Offside - Interfering with Play

Interfering with play is one of three main criteria that determine whether an offside position, which is not punishable in itself, becomes active and therefore punishable. In most of the cases when offside offenses occur, interfering with play is the reason.


Interfering with play means playing or touching the ball passed or touched by a team-mate. A player who has initially been in an offside position and is interfering with play is guilty of offside offence.

CLIP 1 - Interfering with play



Interpretation:
A player in an offside position receives the ball from a pass by his team-mate and plays it. He is therefore deemed to be interfering with play and the goal is correctly disallowed for offside offence.

CLIP 2 - Interfering with play



Interpretation:
A player passes the ball through the defensive line. Only one team-mate, who is in an offside position, is able to receive the ball in order to play it in a 1v1 duel with the goalkeeper. In such cases, the mere observations that a) there is no other attacker able to play the ball and that b) there is a very high likelihood that the player will definitely play the ball justify that the assistant referee raises his flag before the player touches the ball at all. He must be deemed to be interfering with play.


Even though the Laws of the Game do not explicitly say it, UEFA has given the following guidelines to their referees and assistant referees (even though, as usual, most assistant referees did not receive these guidelines...):

Referees and assistant referees should be aware that interfering with play means not only playing or touching the ball but also can include attempting to play the ball.
An attacker, who clearly attempts to play the ball, must be deemed to be interfering with play.

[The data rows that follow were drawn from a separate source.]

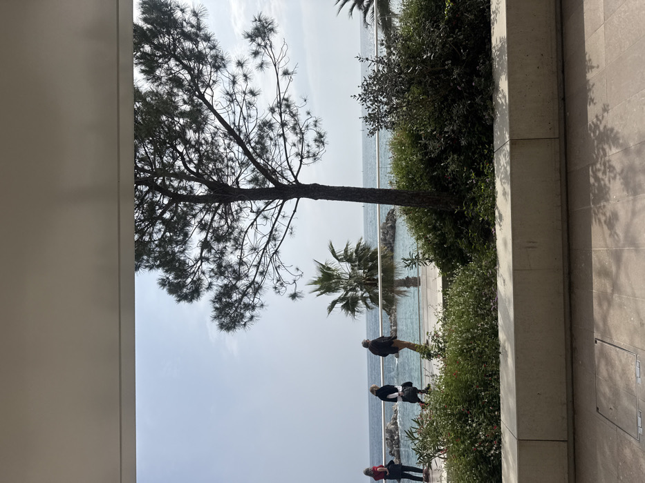 The image portrays an outdoor coastal scene from a partially shaded vantage point, likely a promenade in Monaco, Monaco, possibly near Port Hercule or Larvotto Beach. In the immediate foreground, a light-colored tiled walkway is visible, interspersed with shadows. This leads to a low, light-colored concrete planter or bench structure, behind which dense green foliage, including bushes and smaller plants, thrives. A prominent pine-like tree with a dark trunk and extensive branches dominates the mid-ground, positioned slightly to the right of center. Behind the tree and foliage, a wide, light-colored pedestrian promenade runs horizontally, bordered by a simple metal railing. Three individuals are observed walking along this promenade from left to right. The leftmost person wears a red top and dark pants, standing with their back mostly to the viewer. The central figure wears a dark coat over a lighter garment and carries a dark bag. The rightmost individual wears a dark jacket and light-colored trousers. Beyond the promenade and railing, the clear, turquoise-blue water of the Mediterranean Sea extends to the horizon. Artificial rock breakwaters are visible within the water, particularly towards the left. A large palm tree stands prominently behind the railing, appearing to be on a small extension or island in the sea. A second palm tree is partially visible on the far right. The sky overhead is a pale blue with minimal cloud cover. A light-colored architectural overhang or ceiling structure partially frames the top portion of the image, indicating the perspective is from underneath a building or awning.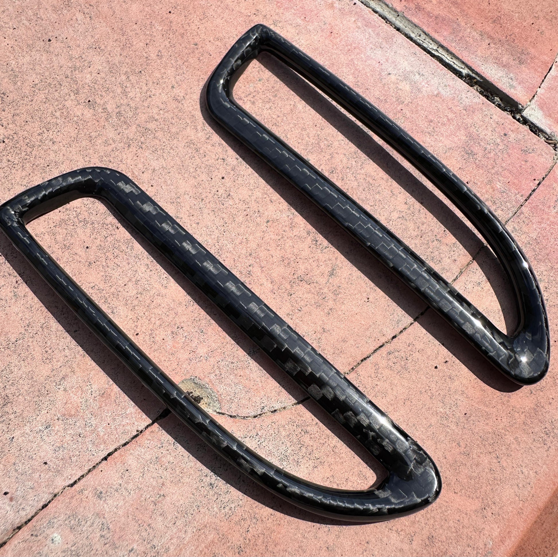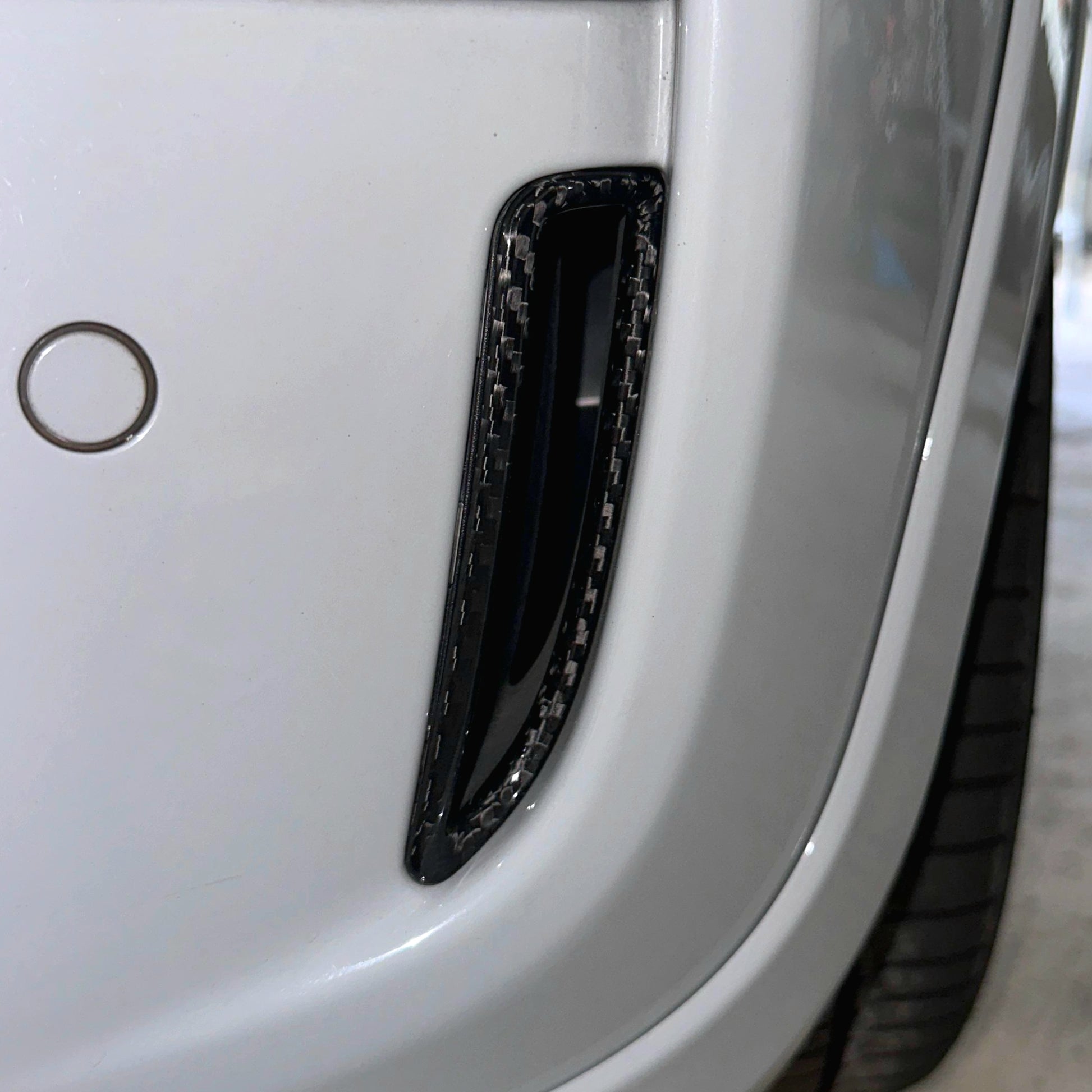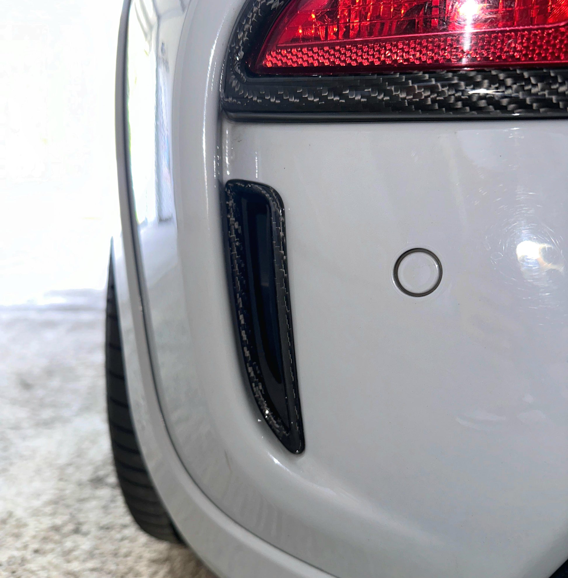 Cover di alta qualità realizzate in vero carbonio per le prese d'aria del paraurti posteriore.
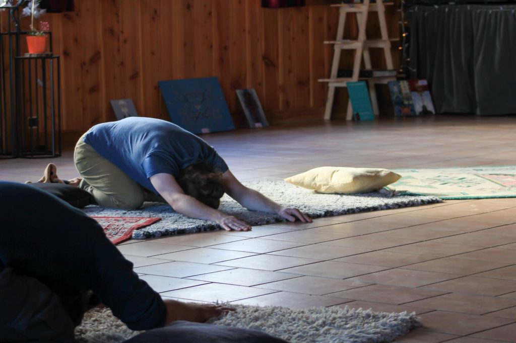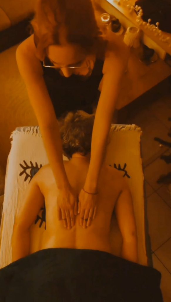Certain·e·s rejoignent Bernard pour une séance de yoga dans le théâtre, d’autres Gilles pour un soin taïwanais individuel, ou encore Sarah pour un atelier d’art-thérapie qui s’étale sur deux heures. Natacha propose un atelier d’astrologie psycho-corporelle en petit groupe, tandis qu’Ô-rélie, Bernard, Gilles et d’autres praticien·ne·s proposent des massages bien-être tout au long de la journée, chacun·e avec sa spécialité.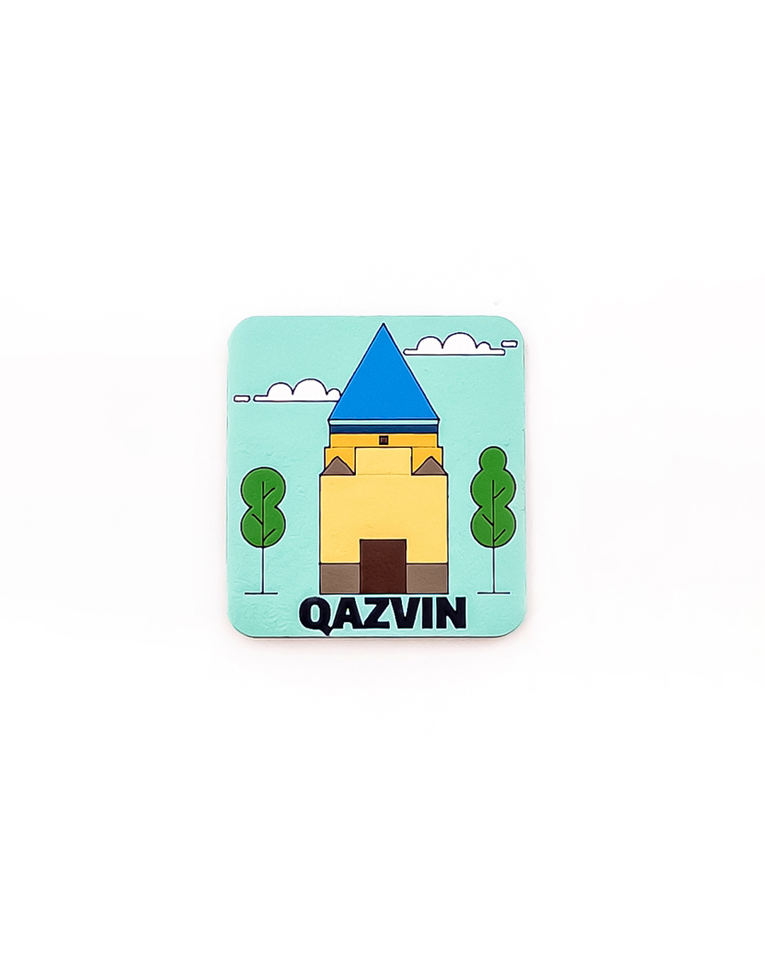 مگنت هنری دستساز با نقاشی اکریلیک از بقعه تاریخی حمدالله مستوفی قزوین؛ ترکیبی از هنر، اصالت و یادگاری ماندگار از شهر قزوین.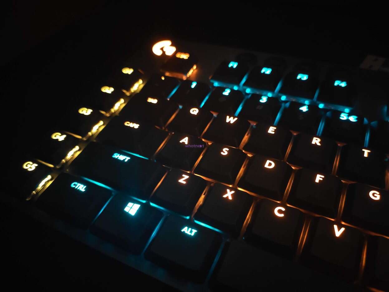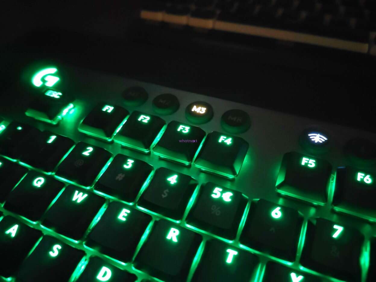 Jasne, G915 nie świeci tak jasno i tak spektakularnie, jak inne modele na rynku, ale w tym przytłumionym wydaniu naprawdę mi się podoba. Zwłaszcza przez świetnie skrojoną czcionkę, która nawet na najniższym poziomie podświetlenia jest widoczna. Całość dopinają wspomniane świetne efekty i dobre odwzorowanie barw. Na wielki plus należy zaliczyć podświetlane logo w lewym górnym rogu, jak również szereg dodatkowych przycisków.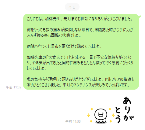 その後2、3回と施術を続けていくうちに施術後の痛みもほとんど感じられなくなりました。さすが、かとう先生と思っていました。

CLIP 3 - Attempting to play the ball (Interfering with Play)



Interpretation:
This clip should make you understand what attempting to play the ball means and when such an attempt should be considered as interfering with play.
The ball is played on the left wing and an attacking player passes it towards the area directly in front of the opponents' goal. Another attacker clearly attempts to play the ball in order to score a goal. He is in an offside position at the moment of the pass and should be adjudged to be in a punishable offside position. He is interfering with play given the clear attempt to play the ball. As he is not impeding the movement or actions of the goalkeeper in a significant manner, this clip is no example of challenging an opponent for the ball.

CLIP 4 - Attempting to play the ball (Interfering with Play)



Interpretation:
A player in an offside position clearly attempts to play the ball. Normally, he should be considered as interfering with play for this reason. That's why the assistant referee can raise his flag for offside offence. However, as the ball is travelling towards the goalline with medium pace and there is no player who can reach it anymore, it is acceptable to avoid this unnecessary stoppage - also considering that the goal-kick that will re-start play is quite equivalent to an indirect free-kick from the position where the infringement has occurred.

CLIP 5 - Not attempting to play the ball (Not Interfering with Play)



Interpretation:
An attacker in an offside position is not interfering with any opponent. He is not interfering with play either: he makes no attempt to play the ball and does not touch it. His movement and body posture even indicate that he intends to stay away from the ball. The goal is correctly allowed to stand as there is no offside offence.


Reference to other posts

Interfering with play is closely linked to the wait-and-see-technique. Assistant referees must be reminded on their duty to wait and see whether a player, who is in an offside position, really becomes involved in active play by interfering with play (or by interfering with an opponent, or by gaining an advantage by being in that position). If there are many players who can potentially play or touch the ball, you should keep your flag down until it is absolutely clear who plays, touches or attempts to play the ball.

Assistant referees can raise their flag earlier than usual if it is absolutely clear that the player in an offside position is the only player going for the ball and will very likely interfere with play. Examples of that are shown in the wait-and-see-technique-thread - but also Clip 2 is an example of that.

Interfering with play is linked to gaining an advantage by being in that position. Players who receive the ball from a rebound off, deflection or a deliberate save by an opponent and then play, touch or attempt to play the ball, are to be penalized for offside offence (as outlined in the other threads).


This post will stay dynamic, subject to changes, adaptions and additional videos. So you might benefit from having a look into it from time to time! 

2 Comments:

  1. http://www.skysportaustria.at/runde/ersteliga-2014-08/
    (from 2:00)
    Interfering with play or not?

    ReplyDelete
    Replies
    1. Difficult. He has little chance to reach that ball but you can argue that he at least attempted to play it.
      However this could be considered as challenging the goalkeeper for the ball, having an impact on his ability to play the ball (a new guideline, expect a post tomorrow). But also in this case this would be rather borderline. Good video example.